This example dataset contains 5,604 genes and six samples [@soybeanIR]. There are two treatment groups, N and P. Each treatment group contains three replicates.

____________________________________________________________________________________

## Data object rules

As demonstrated above, the `data` object must meet the following conditions:

* Be of type `data.frame`
* Contain at least two treatment groups and at least two replicates per treatment group
* Its first column must
    + Be called "ID"
    + Be of class `character`
    + Contain the names of the genes (or a unique set of names in general)
* Each of the rest of its columns must
    + Contain the read counts for a given sample (or quantitative values in general)
    + Be of class `integer` or `numeric`
    + Be called in a three-part format (such as "A.3" or "S4.1") that matches the Perl expression `^[a-zA-Z0-9]+\\.[0-9]+`, where
        - The first part indicates the treatment group name and must contain alphanumeric characters.
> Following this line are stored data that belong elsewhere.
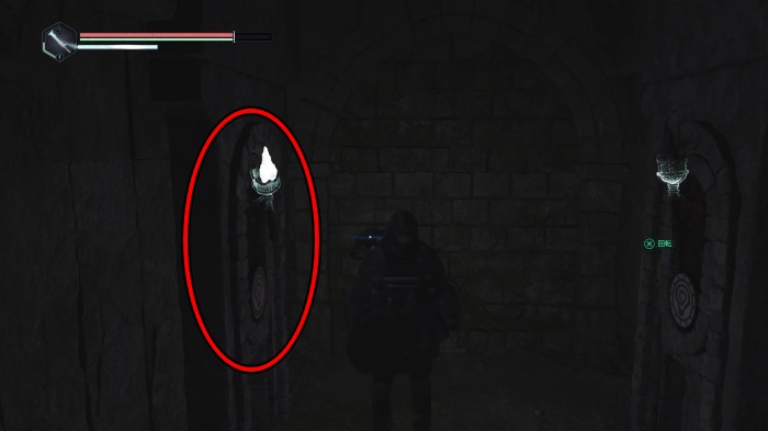 アイテムを入手したら反対側の左と右の壁にたいまつがあります。左だけ点灯させましょう。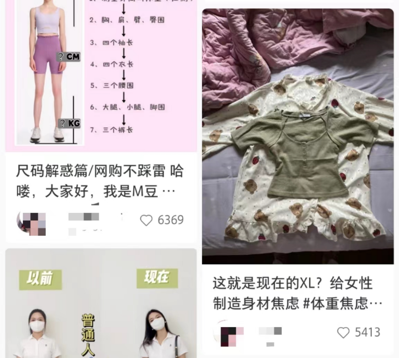 而近几年流行的BM风、少女风穿搭就是白幼瘦审美的典型案例,这样的服装风格也加剧了许多女性的身材焦虑。“显瘦”成为女装畅销的标签,消费者对购衣尺码变大的不满,潜意识里或多或少也是受到了S和M码代表瘦和美的观念影响。
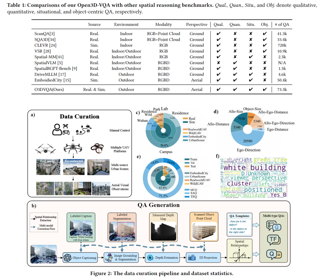 为解决上述痛点,团队打造了Open3D-VQA基准,核心创新体现在三方面: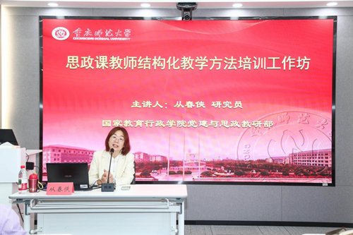 在汇贤楼409成功举办“思政课教师结构化教学方法培训工作坊”。本次培训特邀国家教育行政学院党建与思政教研部主任从春侠研究员作专题讲授与实操指导,旨在深入推动思政课教学方法创新,提升课堂实效性与吸引力。看漫画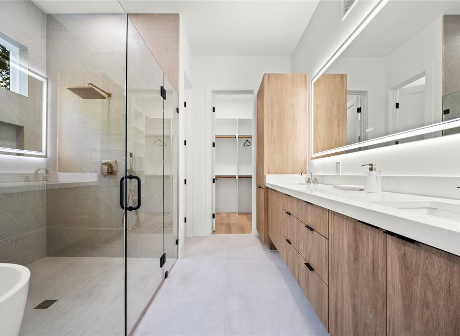A contemporary gem located just minutes from the vibrant heart of Dallas. Upon entering, you'll be greeted by a striking open floor plan that creates a spacious and inviting atmosphere, with natural light flooding the living and dining areas. The gourmet kitchen, featuring beautiful custom slab cabinetry, on premium Thermador Appliances and exquisite Lumataj countertops, adds a touch of sophistication. An architectural highlight is the floating staircase, which leads to the second floor where two generously sized bedrooms await. The split bedroom layout ensures privacy, and one bedroom features an oversized balcony with stunning sunset views—ideal for relaxation. This residence offers a unique blend of modern living and exceptional location, making it a standout choice for those seeking contemporary elegance near the heart of Dallas.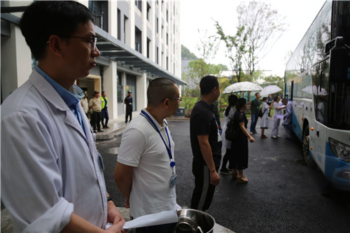 還有,住院大樓門口,護士們逐一核對病人人數(shù),并以10個人為小單位,清點核對人員,確保病人如數(shù)安全入駐病房。
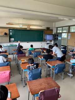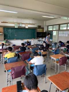 3年生Bの授業の様子です。3年生はクラス替えがあったから新しいクラスで自己紹介をする準備をしています。

Examples include "A", "AR", and "A9"
        - The second part consists of a dot "." to serve as a delimeter
        - The third part indicates the replicate number and must consist of numbers

It is important that the names of all columns except the first follow the three-part format delineated above. All functions in the `bigPint` package require this format to successfully produce plots. If your `data` object
does not fit this format, `bigPint` will likely throw an informative
error about why your format was not recognized.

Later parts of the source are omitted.